- WHAT YOU SHOULD DO
From the records below, print only the part that opens with the line containing "甲哥收藏了世界各國的2萬余張" and closes with the line containing "兩根相對(duì)旋轉(zh"; omit the pictures.
======== EXERCISE DATA
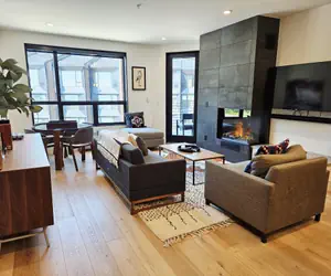 Five Needles 317 is a brand new beautifully furnished 2-bedroom 2-bathroom unit. Located at the White Pines, Five Needles sets a new standard for luxury at Schweitzer. Guests enter the unit in the open living space with kitchen and living room. The kitchen features high end appliances and plenty of counter space to cook a gourmet meal in the fully stocked kitchen. Cozy up around the electric fireplace or catch up on your favorite shows on the large flat screen TV. The living room also features a queen size sleeper sofa. Enjoy your meal and soak in the views of Schweitzer Village and Mountain at the dining room table with seating for 4. Off this space is a private balcony, another perfect place to soak in the views. The master bedroom features a king size bed, and ensuite bathroom with walk in shower. The second bedroom features a king bed, and a desk for workspace if needed. The second bathroom is located off the living space with a shower/tub combo and in unit washer and dryer. Unit has one assigned spot in a heated parking garage.The Five Needle’s is an addition to the White Pine Lodge, bringing a new level of luxury to Schweitzer. Completed in the summer of 2023, these units feature high end appliances and furnishings and amazing views. Available in studio, and two-bedroom condominiums, these units offer one underground parking space, ski storage, and access to the common area amenities at the white pine included hot tubs and a fitness facility. Schweitzer Property Management is the largest and most trusted property management company at Schweitzer. All guests with Schweitzer Property Management have access to the outdoor hot tubs and heated pool at the Selkirk Lodge.
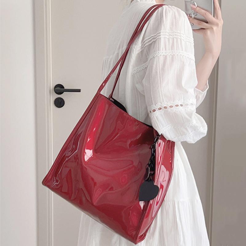 Модные женские сумки на ремне из лакированной кожи, винтажные женские повседневные сумки-тоут, большая вместительная женская сумка для покупок 31x10x29cm красный
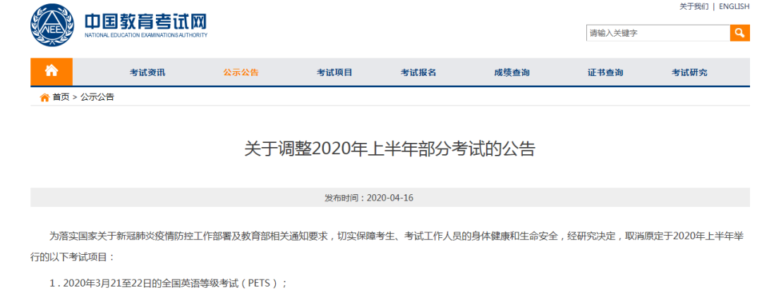 1. 2020年3月21至22日的全国英语等级考试(PETS); 2. 2020年3月21至24日,5月30日至6月2日的全国计算机应用水平考试(NIT); 3. 2020年3月28至30日的全国计算机等级考试(NCRE); 4. 2020年5月16至17日的全国外语水平考试(WSK); 5. 2020年5月23至24日的书画等级考试(CCPT); 6. 2020年5月23至24日的全国大学英语四六级口语考试(CET-SET)。 全国大学英语四六级笔试(CET)考试时间将视情况另行通知。 PETS和NCRE已报名考生的考试费将全额退还,具体情况请考生密切关注报名网站有关信息。 由此给各位考生带来的不便敬请理解。
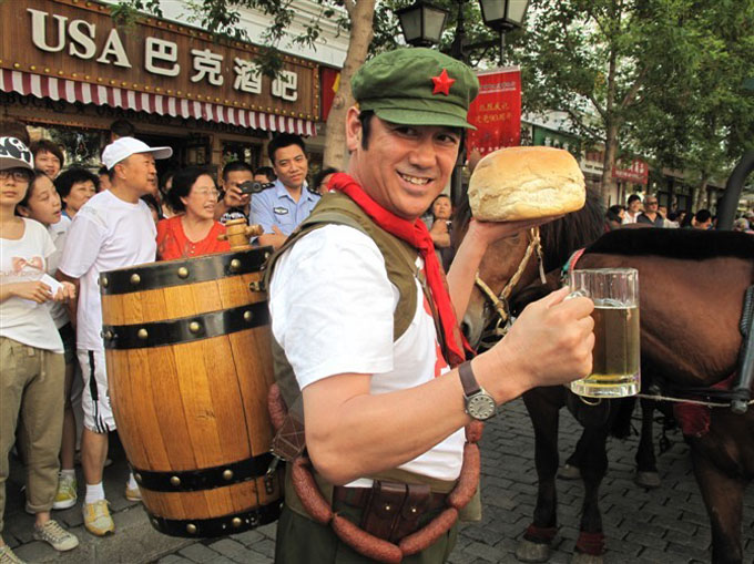 甲哥收藏了世界各國的2萬余張啤酒商標,其數量之多、品種之全,位居世界前五。哈爾濱每年的啤酒節,身為“啤酒先生”的甲哥不僅將自己收藏的部分酒標拿到中央大街上進行展示,還會帶著俄羅斯小鎮的啤酒車隊、騎著兩輪賽格威小車在中央大街上巡遊,然後端著紮啤在會場裡挨桌敬酒,充分履行了哈爾濱人“喝啤酒像灌溉”的城市豪情,成為啤酒節期間,中央大街上一道亮麗的風景線。
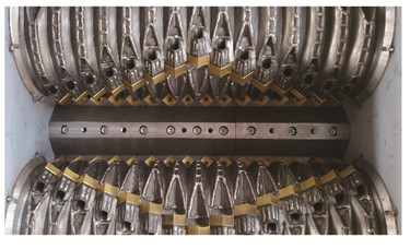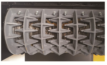 兩根相對(duì)旋轉(zhuǎn)的破碎軸上配備針對(duì)特定用途而選用的刀具。
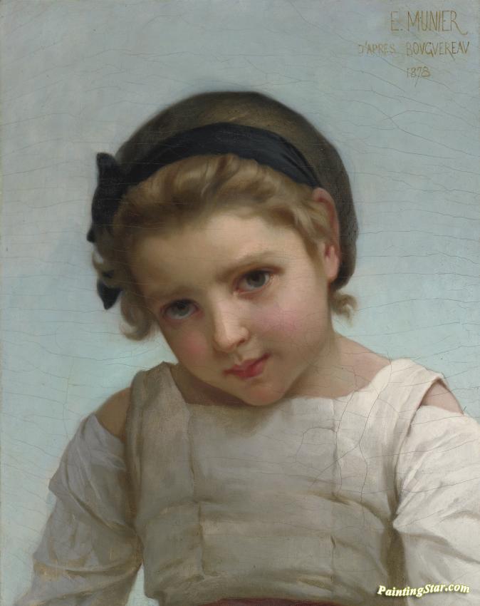 Portrait Of A Young Girl (after William Bouguereau's Sur Le Rocher), Art Painting by Emile Munier
================
- SOLVED EXERCISE
 甲哥收藏了世界各國的2萬余張啤酒商標,其數量之多、品種之全,位居世界前五。哈爾濱每年的啤酒節,身為“啤酒先生”的甲哥不僅將自己收藏的部分酒標拿到中央大街上進行展示,還會帶著俄羅斯小鎮的啤酒車隊、騎著兩輪賽格威小車在中央大街上巡遊,然後端著紮啤在會場裡挨桌敬酒,充分履行了哈爾濱人“喝啤酒像灌溉”的城市豪情,成為啤酒節期間,中央大街上一道亮麗的風景線。
 兩根相對(duì)旋轉(zhuǎn)的破碎軸上配備針對(duì)特定用途而選用的刀具。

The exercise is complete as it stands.